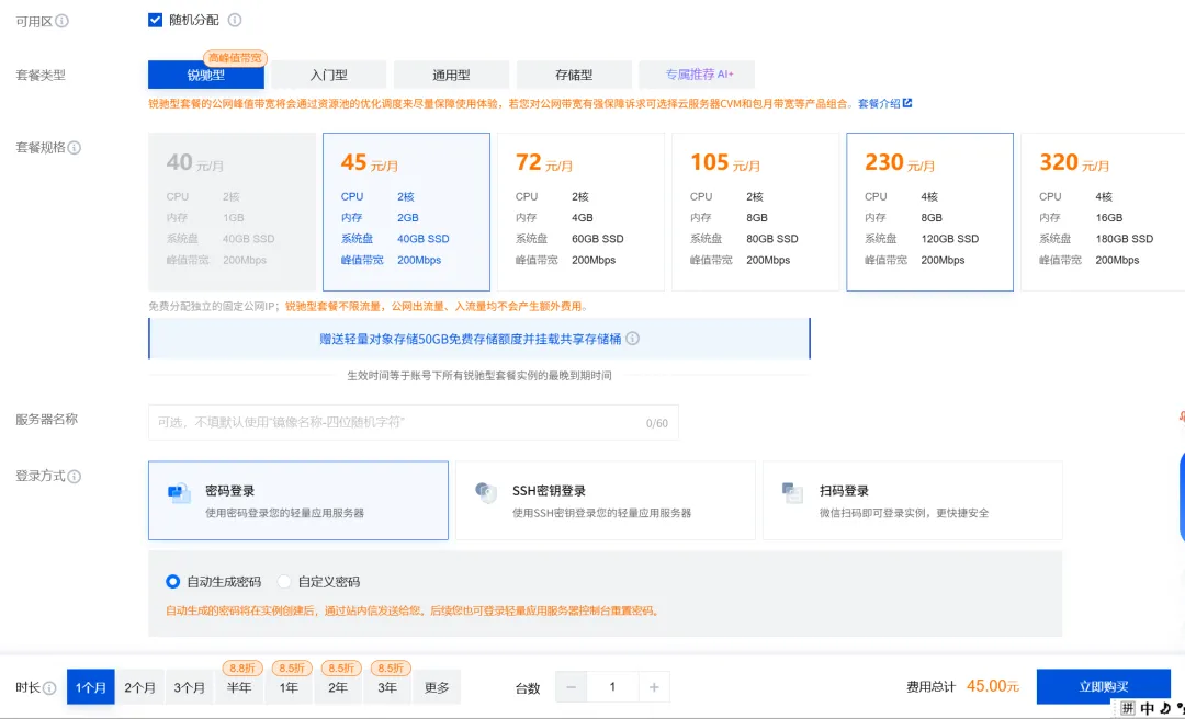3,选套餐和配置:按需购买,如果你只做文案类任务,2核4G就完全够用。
==
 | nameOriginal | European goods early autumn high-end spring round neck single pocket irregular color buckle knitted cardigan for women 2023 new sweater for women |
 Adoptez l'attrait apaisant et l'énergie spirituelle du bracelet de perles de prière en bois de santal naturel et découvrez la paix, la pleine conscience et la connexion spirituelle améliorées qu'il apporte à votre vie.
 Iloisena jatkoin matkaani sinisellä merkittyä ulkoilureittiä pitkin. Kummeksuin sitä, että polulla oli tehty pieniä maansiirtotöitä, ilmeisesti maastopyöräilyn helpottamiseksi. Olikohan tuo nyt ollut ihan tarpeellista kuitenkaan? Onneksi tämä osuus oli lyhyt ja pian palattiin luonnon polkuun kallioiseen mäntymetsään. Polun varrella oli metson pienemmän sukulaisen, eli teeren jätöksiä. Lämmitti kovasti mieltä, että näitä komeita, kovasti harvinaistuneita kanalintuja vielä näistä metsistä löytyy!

**WHAT IS REQUIRED**
Return, word for word, the lines of the data above from the line with "for women |" through the line with "Iloisena jatkoin matkaani", inclusive.

**ANSWER TO THIS TASK**
 | nameOriginal | European goods early autumn high-end spring round neck single pocket irregular color buckle knitted cardigan for women 2023 new sweater for women |
 Adoptez l'attrait apaisant et l'énergie spirituelle du bracelet de perles de prière en bois de santal naturel et découvrez la paix, la pleine conscience et la connexion spirituelle améliorées qu'il apporte à votre vie.
 Iloisena jatkoin matkaani sinisellä merkittyä ulkoilureittiä pitkin. Kummeksuin sitä, että polulla oli tehty pieniä maansiirtotöitä, ilmeisesti maastopyöräilyn helpottamiseksi. Olikohan tuo nyt ollut ihan tarpeellista kuitenkaan? Onneksi tämä osuus oli lyhyt ja pian palattiin luonnon polkuun kallioiseen mäntymetsään. Polun varrella oli metson pienemmän sukulaisen, eli teeren jätöksiä. Lämmitti kovasti mieltä, että näitä komeita, kovasti harvinaistuneita kanalintuja vielä näistä metsistä löytyy!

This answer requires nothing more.